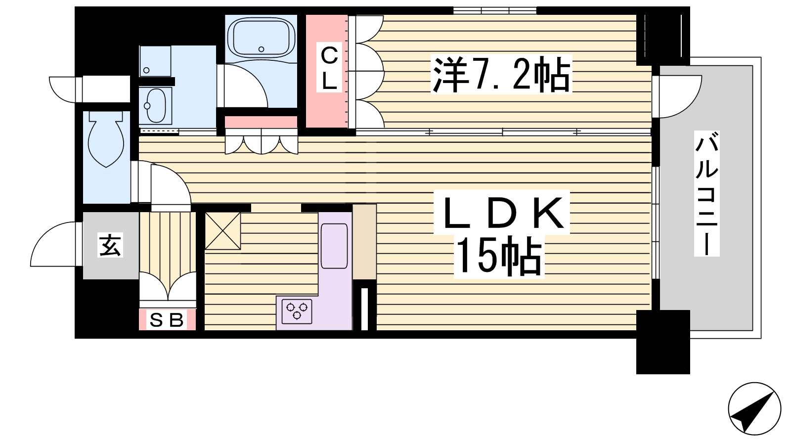 - LDK15帖、洋室7.2帖
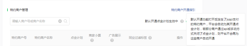 可是新增的商户,并不会默认开通点金计划、商家小票、广告等功能。求解!
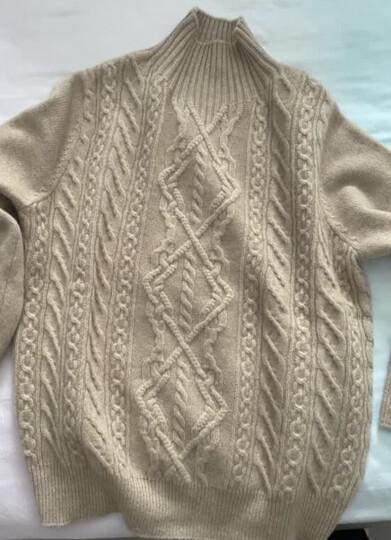 珍贝【售完无补】加厚纯羊绒衫女秋冬新款高领绞花纯色针织衫保暖毛衣 自然色 XL XL/(110码)
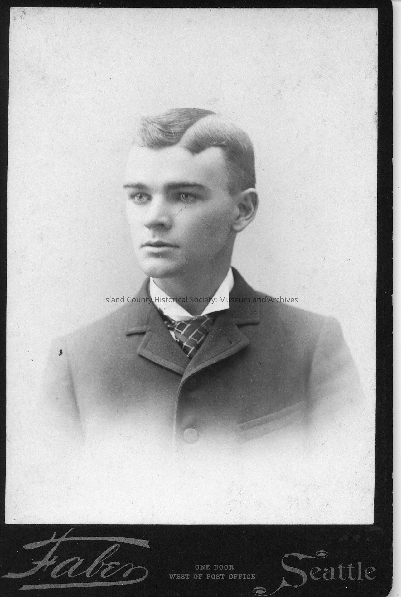 A photo of a young man. A note on the front says "14. Georgie Booth from Mary Coupe Fam. Album 14. Faber Studio, Seattle."
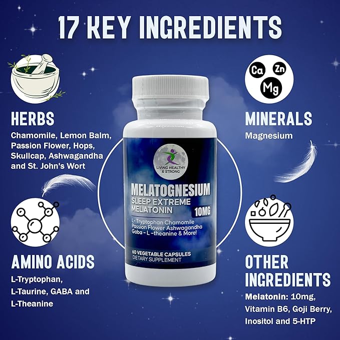 - Advanced sleep formula: Experience restful sleep with our 17 in 1 melatonin natural sleep aid, specifically formulated for adults. This drug-free, non-habit forming supplement promotes rejuvenation and a natural sleep cycle.
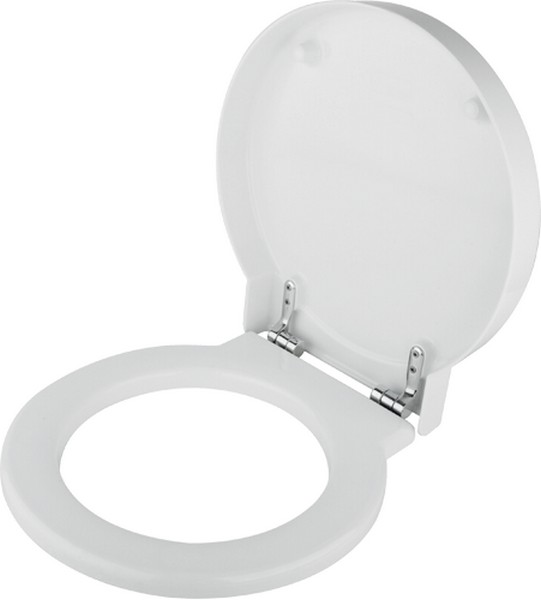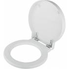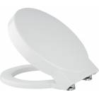 Sedile wc speciale in duroplast bianco, modello TUNIS, peso netto 1,90 kg. Materiale di fissaggio incluso nella confezione.
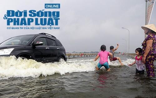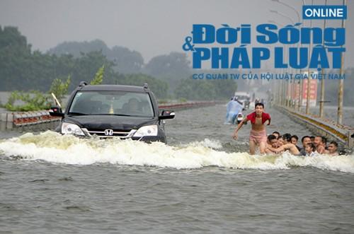 Đoạn tỉnh lộ 421B dài chừng 500 m trên tuyến đường huyết mạch nối thị trấn Quốc Oai với một số xã của huyện Quốc Oai bị ngập sâu trong nước suốt một tuần nay do ảnh hưởng của đợt mưa kéo dài.

Instructions to follow: When you write out the material again, keep every word exact and omit the pictures.

Written answer:
 - LDK15帖、洋室7.2帖
 可是新增的商户,并不会默认开通点金计划、商家小票、广告等功能。求解!
 珍贝【售完无补】加厚纯羊绒衫女秋冬新款高领绞花纯色针织衫保暖毛衣 自然色 XL XL/(110码)
 A photo of a young man. A note on the front says "14. Georgie Booth from Mary Coupe Fam. Album 14. Faber Studio, Seattle."
 - Advanced sleep formula: Experience restful sleep with our 17 in 1 melatonin natural sleep aid, specifically formulated for adults. This drug-free, non-habit forming supplement promotes rejuvenation and a natural sleep cycle.
 Sedile wc speciale in duroplast bianco, modello TUNIS, peso netto 1,90 kg. Materiale di fissaggio incluso nella confezione.
 Đoạn tỉnh lộ 421B dài chừng 500 m trên tuyến đường huyết mạch nối thị trấn Quốc Oai với một số xã của huyện Quốc Oai bị ngập sâu trong nước suốt một tuần nay do ảnh hưởng của đợt mưa kéo dài.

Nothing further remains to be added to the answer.